Sr Third Party Risk Analyst

Position Title: Sr Third Party Risk Analyst (P4)

 

Company Summary 

Crown Castle is the nation’s largest provider of shared communications infrastructure: towers, small cells and fiber. Whenever you make a call, track a workout or stream music and videos, we’re the ones providing the communications infrastructure that makes it possible to transform the way we live and work. From 5G and the internet of things to drones, autonomous vehicles and AR/VR, we enable the technologies that help people stay safe, connected and ready for the future. Crown Castle is publicly traded on the S&P 500, and one of the largest Real Estate Investment Trusts in the US.

 

Role 

The Sr Third Party Risk Analyst role serves as a third-Party Risk management professional for the Enterprise Security Team. This position, reporting to the Security Standards and Compliance Manager, will assist in the development and management of a third-Party Risk management program, manage contract reviews and customer due diligence requests, and monitor the risk associated with vendors Crown Castle engages with to perform business activities.

Responsibilities 

• Lead the creation of Crown Castle’s Third Party Risk program and will be responsible for the creation of all policies, standards, and procedures
• Assess third parties and services/products provided through the expenditure approval process and provide guidance around contracts, security, and process improvement opportunities, while leveraging all Third Party Risk processes
• Lead projects related to Third Party activities.
• Monitor third-party performance and develop metrics, reporting, and an overall security scorecard
• Oversee and track timely resolution of third-Party Risk management issues at enterprise level
• Develop and maintain a close partnership with Legal and Supply Chain teammates, ensuring they understand the third-Party Risk management program needs and processes
• Actively review Contracts, Service Agreements, SOWs, along with Legal and Supply Chain for vendors partnering with Crown Castle.
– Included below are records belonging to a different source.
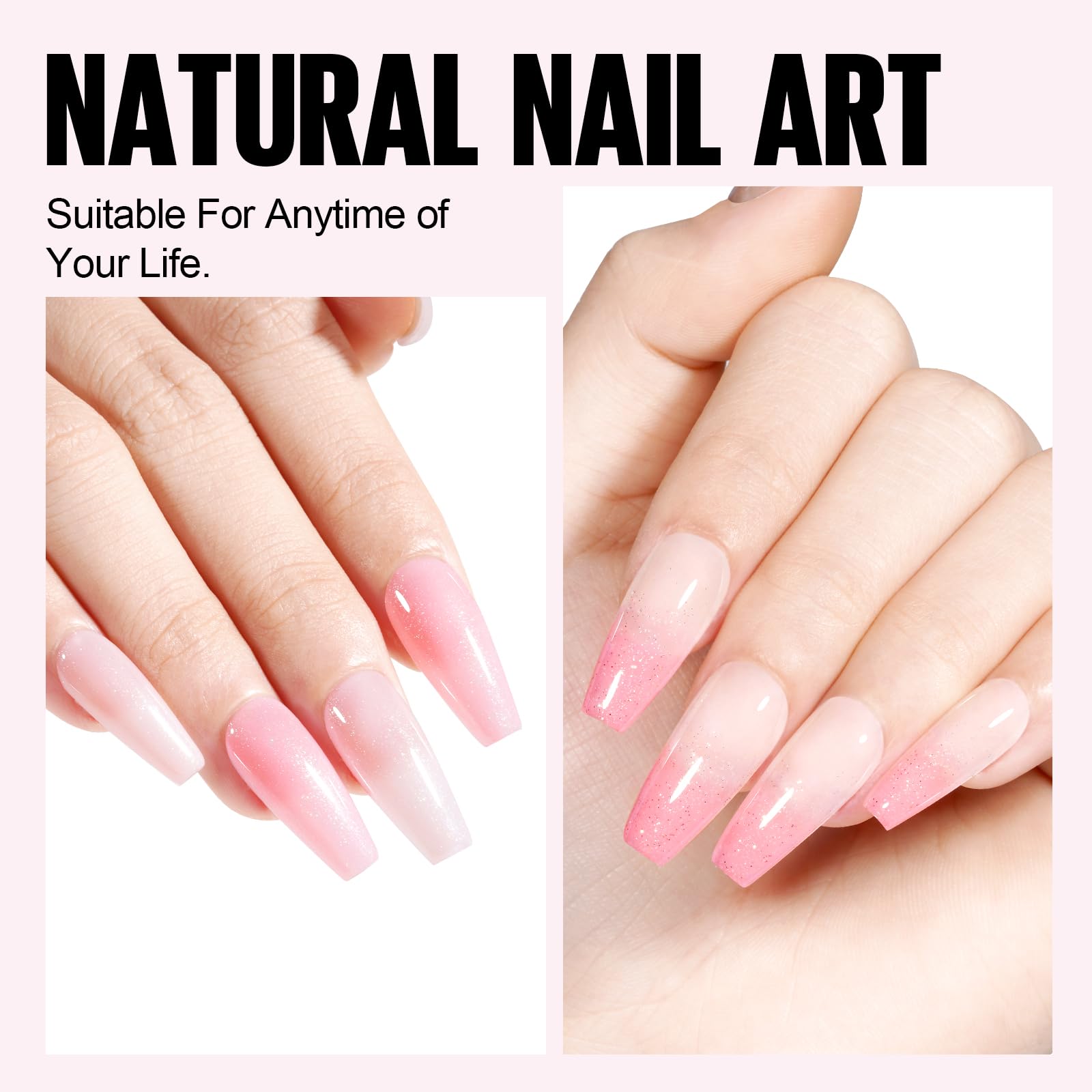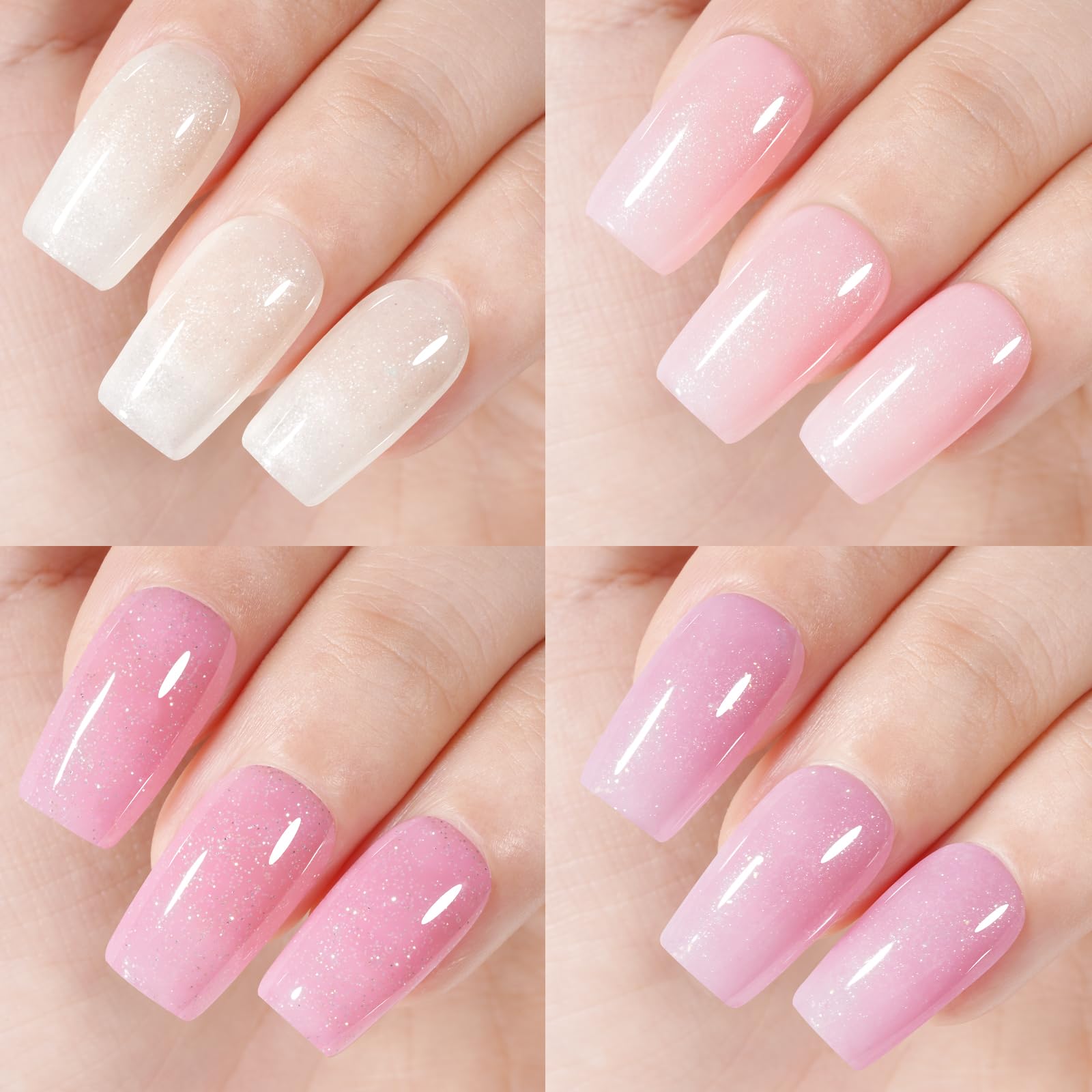 Das TOMICCA semi-permanente UV Gel Nagellack Set mit vier Farben in Transparent, Rosa und Weiss mit feinen Pailletten bietet vielseitige Moeglichkeiten fuer elegante und moderne Nail Art Designs. Das Set eignet sich fuer Anfaenger, DIY-Anwendungen zu Hause sowie fuer den professionellen Einsatz im Nagelstudio.
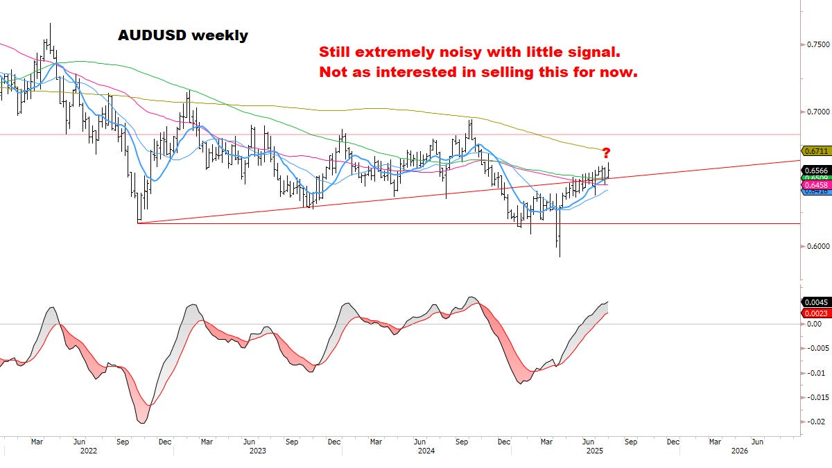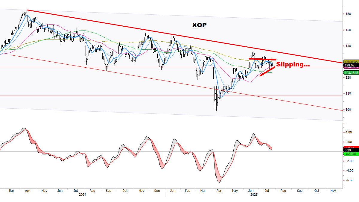AMAT (lower this week again), BKNG (10/20 stop), COF (looks like a topping reversal on Wednesday), IONQ (10/20 fading into a Sell cross, time may have run out for this name and the group — leading indicator for risk appetite?), JBL (monster run, spent July losing momentum however and this week’s new high was quickly reversed), LRCX (10/20 Sell cross imminent, may retest down to ~85-90?), SE (erased last week’s rally, coiling but feeling toppish), SOFI (could spike to old 2021 high ~25 as part of a topping structure, but daily already on Sell), VST (as discussed in Subscriber Chat on Wednesday, setup to sell/reduce on the gap up)
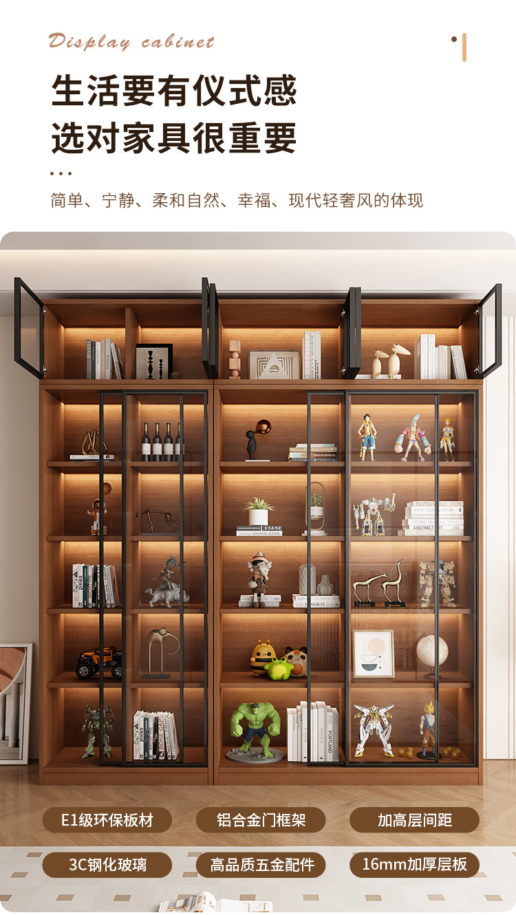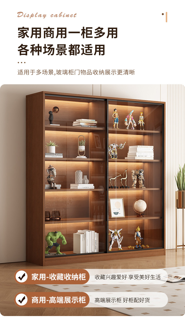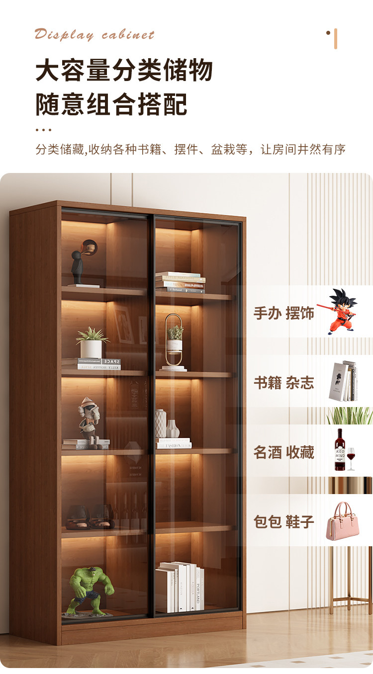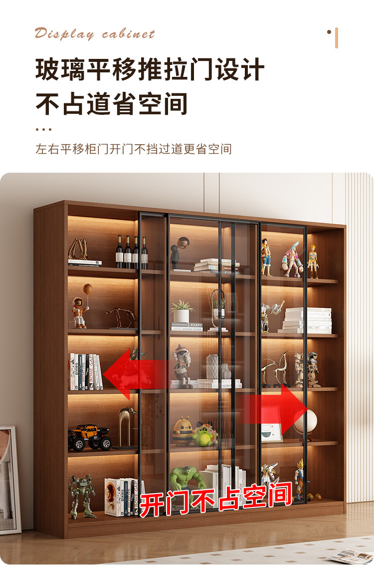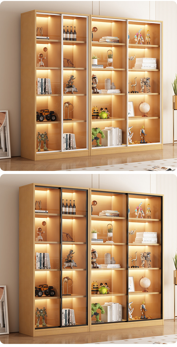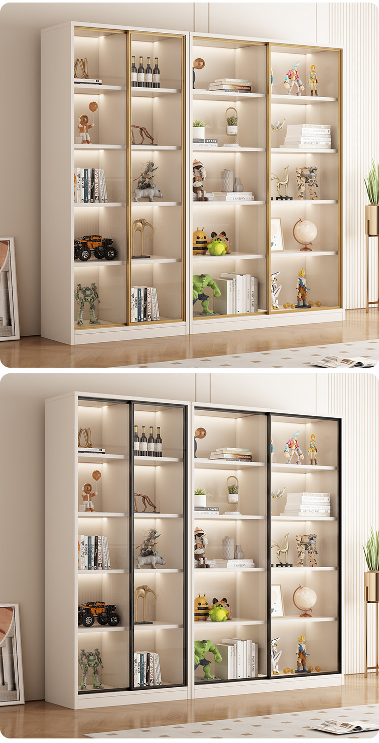 Glass Door Sliding Door Bookcase Display Cabinet for Figurines, Lego Models, Toys, Blind Boxes, Home Living Room Wine Cabinet Bookshelf
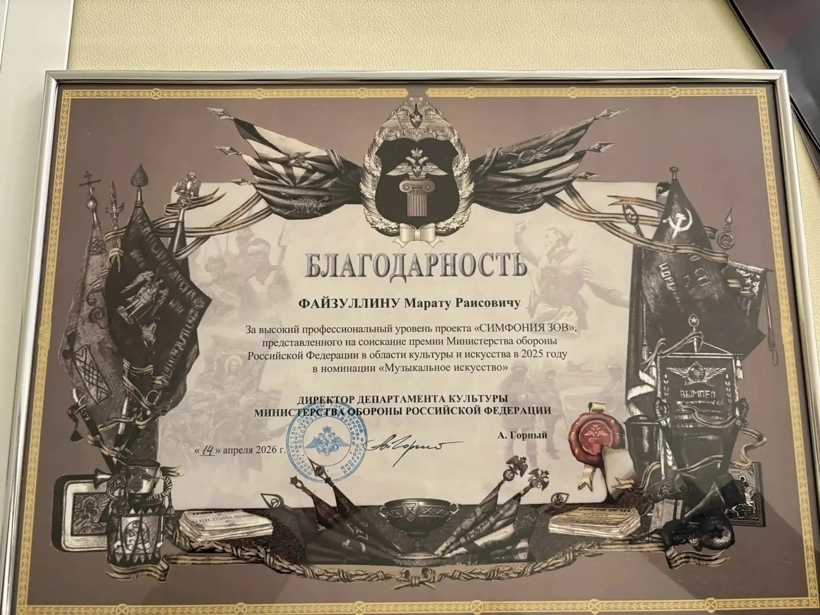 Примечательно, что Марат Файзуллин является композитором ещё одного проекта, отмеченного 14 апреля Благодарностью Министерства обороны, — документального спектакля «Народная история. Непокорённый Курск».Завершая церемонию, Артём Горный поблагодарил деятелей искусства за их беззаветное служение отечественной культуре и вклад в общую победу, отметив, что путь созидания является абсолютно необходимым в текущих условиях.

Will review and determine if terms are appropriate for Crown Castle
• Assist Crown Castle Customer Facing teammates with both current and pre-sales customer questionnaires and security assessments.
• Attend training seminars, conferences, and trade shows to broaden knowledge of current and future cybersecurity and risk management issues and technologies

Education/Certifications

• Bachelor’s degree in IT, Management, or Leadership related fields

Experience/Minimum Requirements

• Eight (8) plus years of Third Party or Vendor Risk Management experience
• Five (5) plus years of Cyber Security, Risk management, Compliance, or IT audit experience
• Relevant Certifications: CRISC, CISA, or CTPRP (not required but a huge plus)
• Familiarity with industry frameworks, such as CIS, ISO and NIST
• Preferred experience with GRC tools – OneTrust, Archer, Audit Board

Expectations  

• Proven track record of developing and providing Corporate Security Service Level Agreements
• Solid relationship management and performance management skills
• Ability to motivate and direct staff members
• Strong understanding of the organization’s goals and objectives
• Exceptional written and oral communication skills
• Exceptional interpersonal skills, with a focus on listening and questioning skills
• Strong documentation skills
• Ability to conduct research into a wide range of computing issues as required
• Ability to present ideas in user-friendly language to non-technical staff and end users
• Keen attention to detail
• Ability to effectively prioritize and execute tasks in a high-pressure environment
• Exceptional customer service orientation
• Experience working in a team-oriented, collaborative environment

Organizational Relationship Reports to: Security Standards and Compliance Manager Title(s) of direct reports (if applicable):  N/A Working Conditions: This is a remote role with the expectation of on-site/in-person collaboration with teammates and stakeholders for moments that matter and may require up to 10% travel.

For New York, Colorado, California and Washington residents the hiring range offered for this position is $118,000- $139,000 annually. In addition to salary, employees are eligible for an annual bonus of up to 20% of annual salary and restricted stock. Employees (and their families) are eligible for medical, dental, vision, and basic life insurance. Employees are able to enroll in our company’s 401k plan. Employees will also receive 18 days of paid time off each year and 12 paid holidays throughout the calendar year.

We offer a total benefits package and professional growth development for teammates in any stage of their career. Along with caring for our teammates, we’re an active member in the communities where we live, work and do business. We have a responsibility to give back, which we do through our Connected by Good program. Giving back allows us to improve public spaces where people connect, promote public safety and advance access to education and technology.